There is a useful deployment script that configures and deploys BareMetal Operator and Ironic. It requires some variables :
- IRONIC_HOST : domain name for Ironic and inspector
- IRONIC_HOST_IP : IP on which Ironic and inspector are listening
In addition you can configure the following variables. They are optional. If you leave them unset, then passwords and certificates will be generated for you.
- KUBECTL_ARGS : Additional arguments to kubectl apply
- IRONIC_USERNAME : username for ironic
- IRONIC_PASSWORD : password for ironic
- IRONIC_INSPECTOR_USERNAME : username for inspector
- IRONIC_INSPECTOR_PASSWORD : password for inspector
- IRONIC_CACERT_FILE : CA certificate path for ironic
- IRONIC_CAKEY_FILE : CA certificate key path, unneeded if ironic certificates exist
- IRONIC_CERT_FILE : Ironic certificate path
- IRONIC_KEY_FILE : Ironic certificate key path
- IRONIC_INSPECTOR_CERT_FILE : Inspector certificate path
- IRONIC_INSPECTOR_KEY_FILE : Inspector certificate key path
- IRONIC_INSPECTOR_CACERT_FILE : CA certificate path for inspector, defaults to IRONIC_CACERT_FILE
- IRONIC_INSPECTOR_CAKEY_FILE : CA certificate key path, unneeded if inspector certificates exist
- MARIADB_KEY_FILE: Path to the key of MariaDB
- MARIADB_CERT_FILE: Path to the cert of MariaDB
- MARIADB_CAKEY_FILE: Path to the CA key of MariaDB
- MARIADB_CACERT_FILE: Path to the CA certificate of MariaDB
Then run :
./tools/deploy.sh <deploy-BMO> <deploy-Ironic> <deploy-TLS> <deploy-Basic-Auth> <deploy-Keepalived>deploy-BMO: deploy BareMetal Operator : "true" or "false"deploy-Ironic: deploy Ironic : "true" or "false"deploy-TLS: deploy with TLS enabled : "true" or "false"deploy-Basic-Auth: deploy with Basic Auth enabled : "true" or "false"deploy-Keepalived: deploy with Keepalived for ironic : "true" or "false"
This will deploy BMO and / or Ironic with the proper configuration.
It is worth mentioning some tips for when the different configurations are useful as well. For example:
-
Only BMO is deployed, in a case when Ironic is already running, e.g. as part of Cluster API Provider Metal3 (CAPM3) when a successful pivoting state was met and ironic being deployed.
-
BMO and Ironic are deployed together, in a case when CAPM3 is not used and baremetal-operator and ironic containers to be deployed together.
-
Only Ironic is deployed, in a case when BMO is deployed as part of CAPM3 and only Ironic setup is sufficient, e.g. clusterctl provided by Cluster API(CAPI) deploys BMO, so that it can take care of moving the BaremetalHost during the pivoting.

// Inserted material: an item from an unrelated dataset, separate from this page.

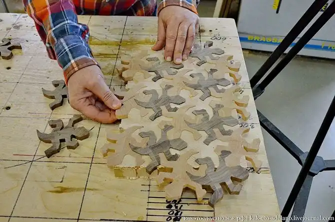 Как мне сказал мастер, станок вырезал фигуры на доске с таким расчетом, что вставляя другие фигуры рептилий не обнаруживается никаких зазоров. Фигурки оказываются пригнанными друг к другу очень плотно.
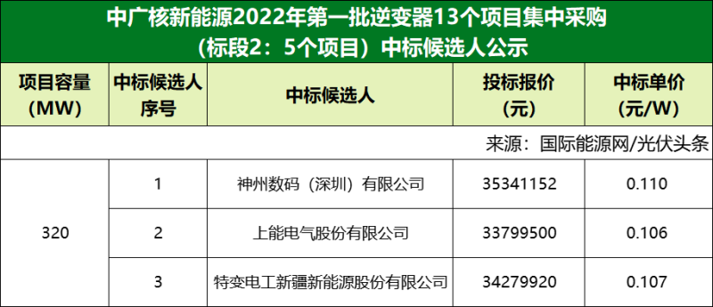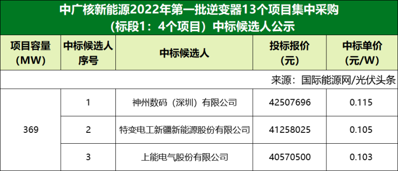 標(biāo)段1第一中標(biāo)候選人為神州數(shù)碼(深圳)有限公司,投標(biāo)報(bào)價(jià)為42507696元,中標(biāo)單價(jià)為0.115元/W;第二中標(biāo)候選人為特變電工新疆新能源股份有限公司,投標(biāo)報(bào)價(jià)為41258025元,中標(biāo)單價(jià)為0.105元/W;第三中標(biāo)候選人為上能電氣股份有限公司,投標(biāo)報(bào)價(jià)為40570500元,中標(biāo)單價(jià)為0.103元/W。

Important Note When the baremetal-operator is deployed through metal3-dev-env, baremetal-operator container inherits the following environment variables through configmap:
$PROVISIONING_IP
$PROVISIONING_INTERFACE
In case you are deploying baremetal-operator locally, make sure to populate and export these environment variables before deploying.